> **DATASET CONTENT**:
*****
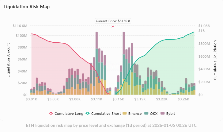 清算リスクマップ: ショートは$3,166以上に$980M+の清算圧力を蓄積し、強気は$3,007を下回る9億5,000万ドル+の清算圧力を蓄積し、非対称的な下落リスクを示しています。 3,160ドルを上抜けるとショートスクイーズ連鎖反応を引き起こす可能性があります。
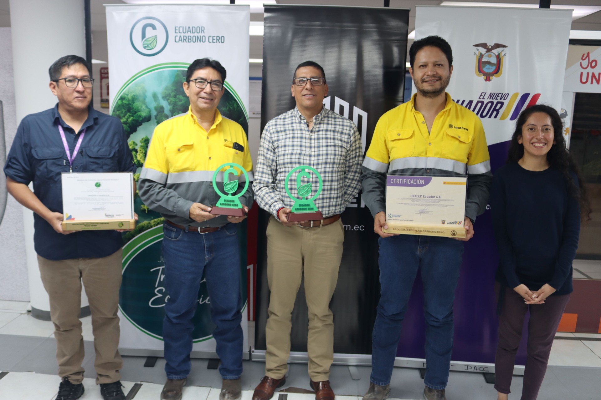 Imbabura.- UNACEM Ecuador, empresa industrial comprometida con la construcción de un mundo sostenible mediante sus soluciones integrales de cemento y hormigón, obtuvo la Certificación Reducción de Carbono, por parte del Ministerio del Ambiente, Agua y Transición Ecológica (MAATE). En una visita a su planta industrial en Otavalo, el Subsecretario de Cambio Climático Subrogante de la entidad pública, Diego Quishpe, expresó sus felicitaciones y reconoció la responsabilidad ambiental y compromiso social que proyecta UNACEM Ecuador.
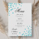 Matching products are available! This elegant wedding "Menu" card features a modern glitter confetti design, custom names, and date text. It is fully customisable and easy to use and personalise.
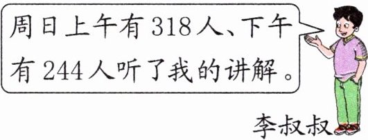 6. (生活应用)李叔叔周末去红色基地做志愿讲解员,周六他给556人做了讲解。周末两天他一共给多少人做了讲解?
*****
> **WHAT TO WORK ON**:
Pictures do not belong in the copy. Reproduce the rest of the data exactly.

> **SOLUTION TO THIS PROBLEM**:
 清算リスクマップ: ショートは$3,166以上に$980M+の清算圧力を蓄積し、強気は$3,007を下回る9億5,000万ドル+の清算圧力を蓄積し、非対称的な下落リスクを示しています。 3,160ドルを上抜けるとショートスクイーズ連鎖反応を引き起こす可能性があります。
 Imbabura.- UNACEM Ecuador, empresa industrial comprometida con la construcción de un mundo sostenible mediante sus soluciones integrales de cemento y hormigón, obtuvo la Certificación Reducción de Carbono, por parte del Ministerio del Ambiente, Agua y Transición Ecológica (MAATE). En una visita a su planta industrial en Otavalo, el Subsecretario de Cambio Climático Subrogante de la entidad pública, Diego Quishpe, expresó sus felicitaciones y reconoció la responsabilidad ambiental y compromiso social que proyecta UNACEM Ecuador.
 Matching products are available! This elegant wedding "Menu" card features a modern glitter confetti design, custom names, and date text. It is fully customisable and easy to use and personalise.
 6. (生活应用)李叔叔周末去红色基地做志愿讲解员,周六他给556人做了讲解。周末两天他一共给多少人做了讲解?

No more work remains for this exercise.